Materials provided:
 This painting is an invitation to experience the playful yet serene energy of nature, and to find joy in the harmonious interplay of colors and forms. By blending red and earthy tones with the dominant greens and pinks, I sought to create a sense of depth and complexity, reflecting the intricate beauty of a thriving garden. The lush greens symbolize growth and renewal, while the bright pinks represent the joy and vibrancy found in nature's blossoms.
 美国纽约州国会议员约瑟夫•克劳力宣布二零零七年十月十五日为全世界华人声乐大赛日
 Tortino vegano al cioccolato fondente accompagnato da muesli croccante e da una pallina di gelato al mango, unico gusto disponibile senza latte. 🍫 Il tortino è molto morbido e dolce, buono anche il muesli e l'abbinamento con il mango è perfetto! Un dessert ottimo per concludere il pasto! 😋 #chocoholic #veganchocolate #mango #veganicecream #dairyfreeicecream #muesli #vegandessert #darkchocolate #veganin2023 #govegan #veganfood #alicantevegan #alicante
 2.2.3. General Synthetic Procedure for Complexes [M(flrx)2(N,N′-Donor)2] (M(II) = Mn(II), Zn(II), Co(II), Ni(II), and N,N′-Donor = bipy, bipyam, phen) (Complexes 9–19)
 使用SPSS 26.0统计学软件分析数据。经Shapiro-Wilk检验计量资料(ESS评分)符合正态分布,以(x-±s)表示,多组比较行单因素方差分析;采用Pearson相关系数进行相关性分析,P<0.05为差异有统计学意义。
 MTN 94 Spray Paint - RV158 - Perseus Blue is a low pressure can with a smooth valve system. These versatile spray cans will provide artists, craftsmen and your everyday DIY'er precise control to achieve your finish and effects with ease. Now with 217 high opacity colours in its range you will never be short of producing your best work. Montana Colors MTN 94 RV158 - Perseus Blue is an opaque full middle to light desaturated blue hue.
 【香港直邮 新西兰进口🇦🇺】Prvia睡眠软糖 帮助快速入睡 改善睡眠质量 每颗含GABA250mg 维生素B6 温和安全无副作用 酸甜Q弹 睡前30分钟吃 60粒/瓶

...

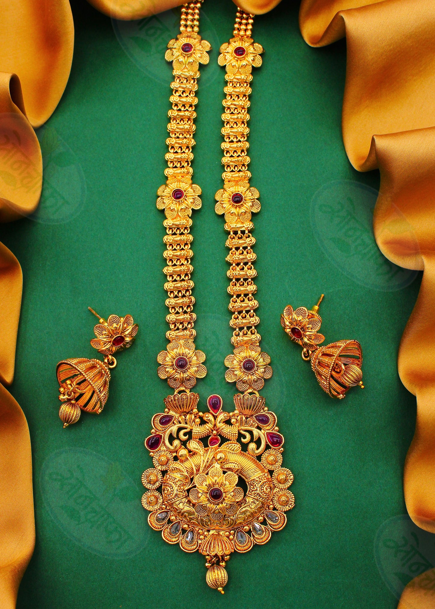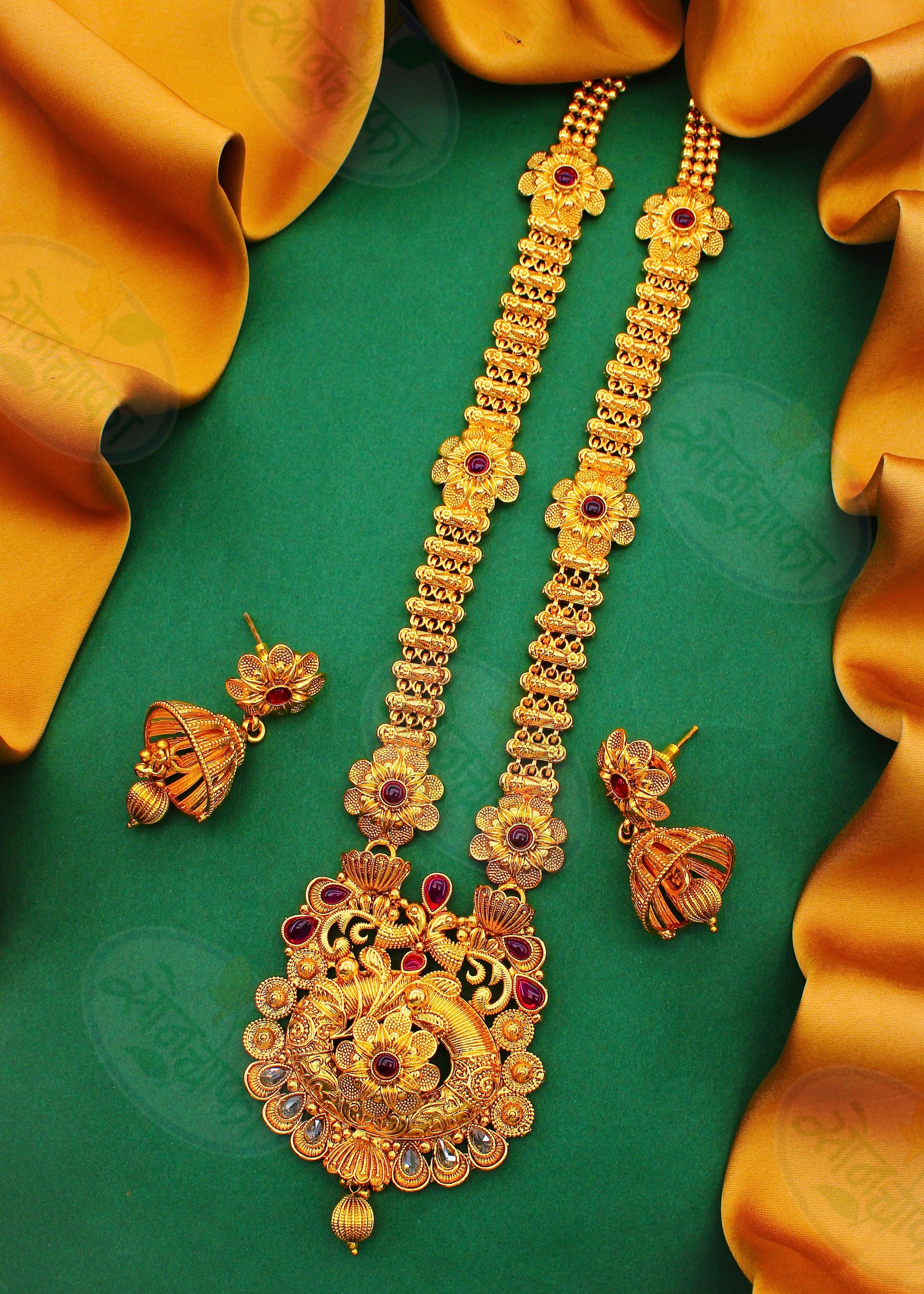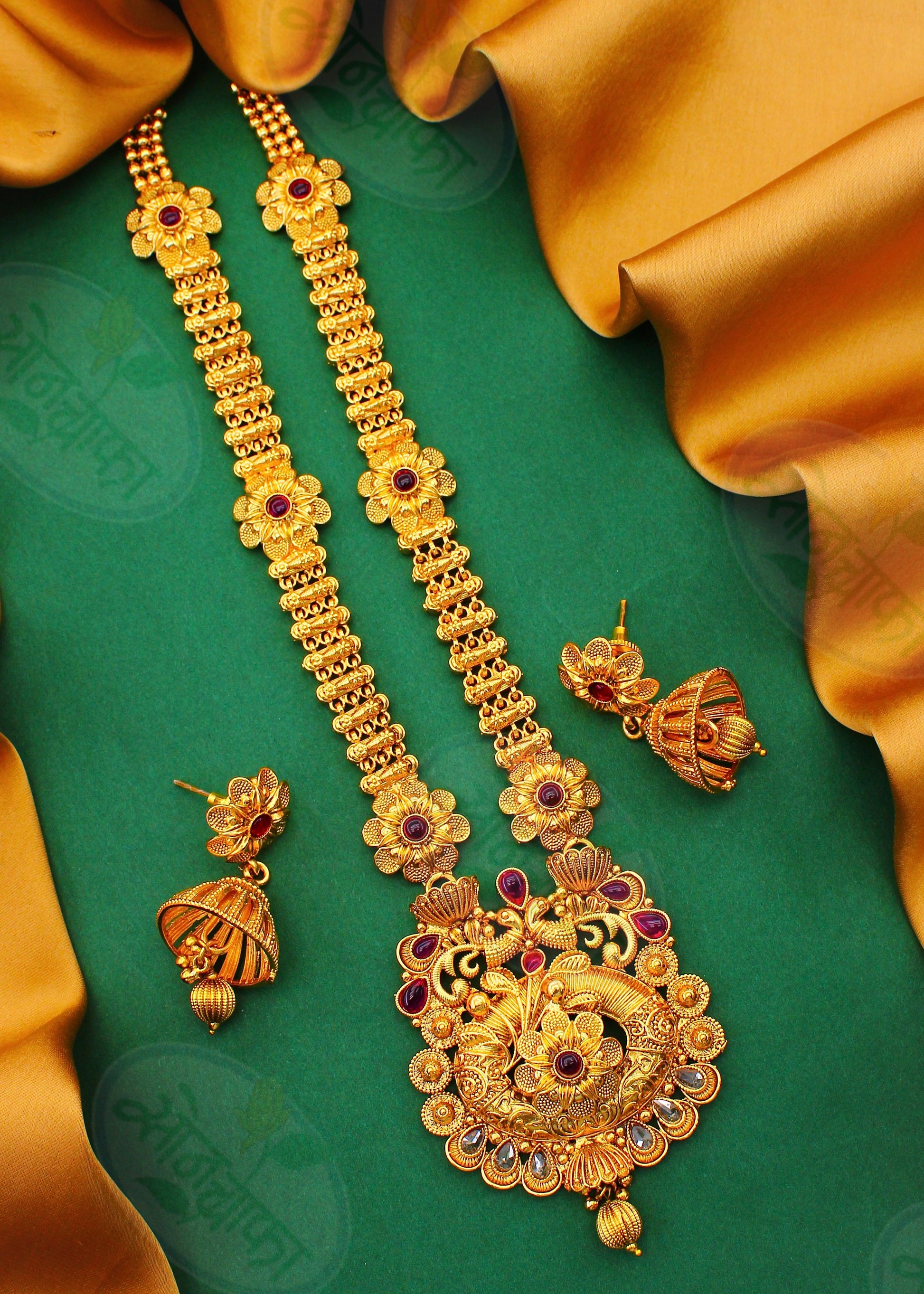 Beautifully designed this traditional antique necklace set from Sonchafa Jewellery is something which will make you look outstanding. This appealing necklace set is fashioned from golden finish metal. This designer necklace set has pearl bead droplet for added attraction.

Exercise details:
Go through the listing above and write out exactly the lines starting with the one holding "This painting is" and running through the one holding "美国纽约州国会议员约瑟夫•克劳力宣布二零零七年十月十五日为全世界华人声乐大赛日", ends included, and no others.

Answer section:
 This painting is an invitation to experience the playful yet serene energy of nature, and to find joy in the harmonious interplay of colors and forms. By blending red and earthy tones with the dominant greens and pinks, I sought to create a sense of depth and complexity, reflecting the intricate beauty of a thriving garden. The lush greens symbolize growth and renewal, while the bright pinks represent the joy and vibrancy found in nature's blossoms.
 美国纽约州国会议员约瑟夫•克劳力宣布二零零七年十月十五日为全世界华人声乐大赛日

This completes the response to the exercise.